## Dataset excerpt:
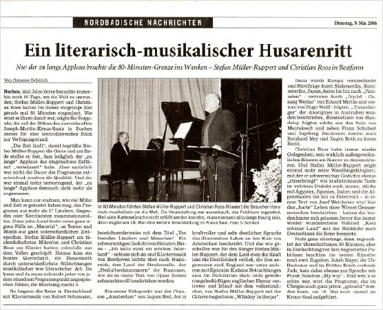 Dies dachten sich der Sänger, Rezitator und Schauspieler Stefan Müller-Ruppert und der Pianist Christian Roos und stellten mit „in 80 Minuten um die Welt“ ein Programm zusammen, welches in seiner abwechslungsreichen Vielfalt so bunt ist, wie der Blick durchs Vergrößerungsglas auf die Erdrotation. Gedichte und kurze Geschichten vereinen sich mit dem klassischen Kunstlied oder Klavierminiaturen ebenso, wie mit Jazznummern, Chansons oder Schlagern zu einem Album musikalisch-literarischer „Ansichtskarten“.
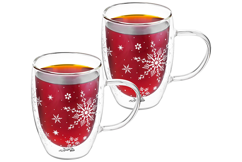 Набор 2 кружек 350 мл 13,3*9*11,5 см "Снежинки" с белым узором и двойными стенками, стекло
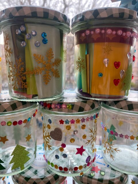 Jedes Kind durfte ein eigenes Komplimente-Glas gestalten, sorgfältig dekoriert, mit funkelnden Stickern, glitzernden Schneeflocken, Weihnachtsbäumen, bunten Perlen und jeder Menge Fantasie. In diesen Gläsern, die wie kleine Schatztruhen im Fensterlicht erstrahlen, sammeln sich Tag für Tag persönliche Worte, die von Herzen kommen.

## Aim of the exercise:
Starting with the line that holds "Набор 2 кружек", repeat exactly every line through the end of the material above, both ends included, without the pictures.

## Answer:
 Набор 2 кружек 350 мл 13,3*9*11,5 см "Снежинки" с белым узором и двойными стенками, стекло
 Jedes Kind durfte ein eigenes Komplimente-Glas gestalten, sorgfältig dekoriert, mit funkelnden Stickern, glitzernden Schneeflocken, Weihnachtsbäumen, bunten Perlen und jeder Menge Fantasie. In diesen Gläsern, die wie kleine Schatztruhen im Fensterlicht erstrahlen, sammeln sich Tag für Tag persönliche Worte, die von Herzen kommen.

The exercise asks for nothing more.